Relying on cellphone torchlights, unreliable generators and using cooler boxes to keep vaccines and other medicines at the correct temperatures are just some of the stresses healthcare workers face due to the electricity crisis gripping South Africa. And they are fed up.
*Ziyanda Somlatha, a nurse, has worked in the maternity ward at the Alexander Health Centre and Clinic since 2021. The past few months have been among the hardest of her career because load-shedding often makes it impossible to offer the most basic service: checking blood pressure.
High blood pressure in a pregnant woman could indicate pre-eclampsia, a common cause of death among birthing women in SA. But if the backup generator doesn’t kick in during load-shedding, the blood pressure machine does not work. But that’s not all.

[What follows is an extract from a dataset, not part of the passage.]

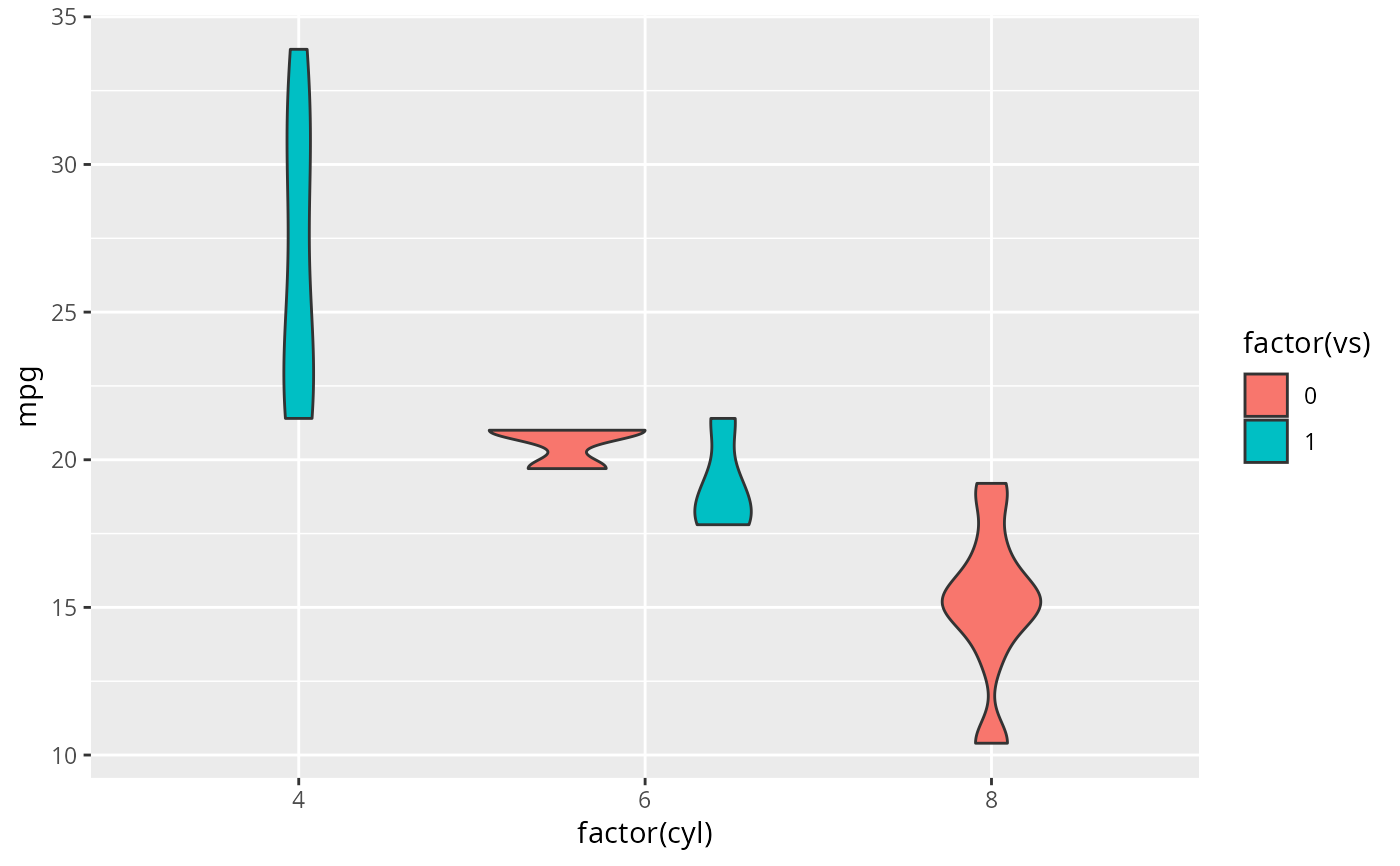 geom_violin()andstat_ydensity(). For more information about overriding these connections, see how the stat and geom arguments work.- bw

“The incubator doesn’t work. The suction machine also doesn’t work. It’s frustrating to tell patients to wait because we cannot access their medical records. Or to tell expectant mothers that we can’t check the health of their baby because the ultrasound is off. During an episiotomy, it is difficult to do the surgical cut and stitching because we can’t see. We have to suture all layers of the skin.”
Following an outcry last year, the National Health Department negotiated with Eskom to exempt certain hospitals from the load-shedding schedule. Nationally, 77 out of roughly 400 hospitals are exempt.
Healthcare workers can’t do their jobs
Professor Lawrence Chauke, Clinical Head of Obstetrics and Gynaecology at Charlotte Maxeke Academic Hospital, says load-shedding has huge negative outcomes on patient care. Although the hospital has been exempt from power cuts since last year, there are still challenges.
“Because other areas are undergoing load-shedding, we have interruptions with the cellphone and internet network. Therefore, reaching out to on-call doctors who might be in other areas to refer, follow up, or ask for a different opinion, is difficult.”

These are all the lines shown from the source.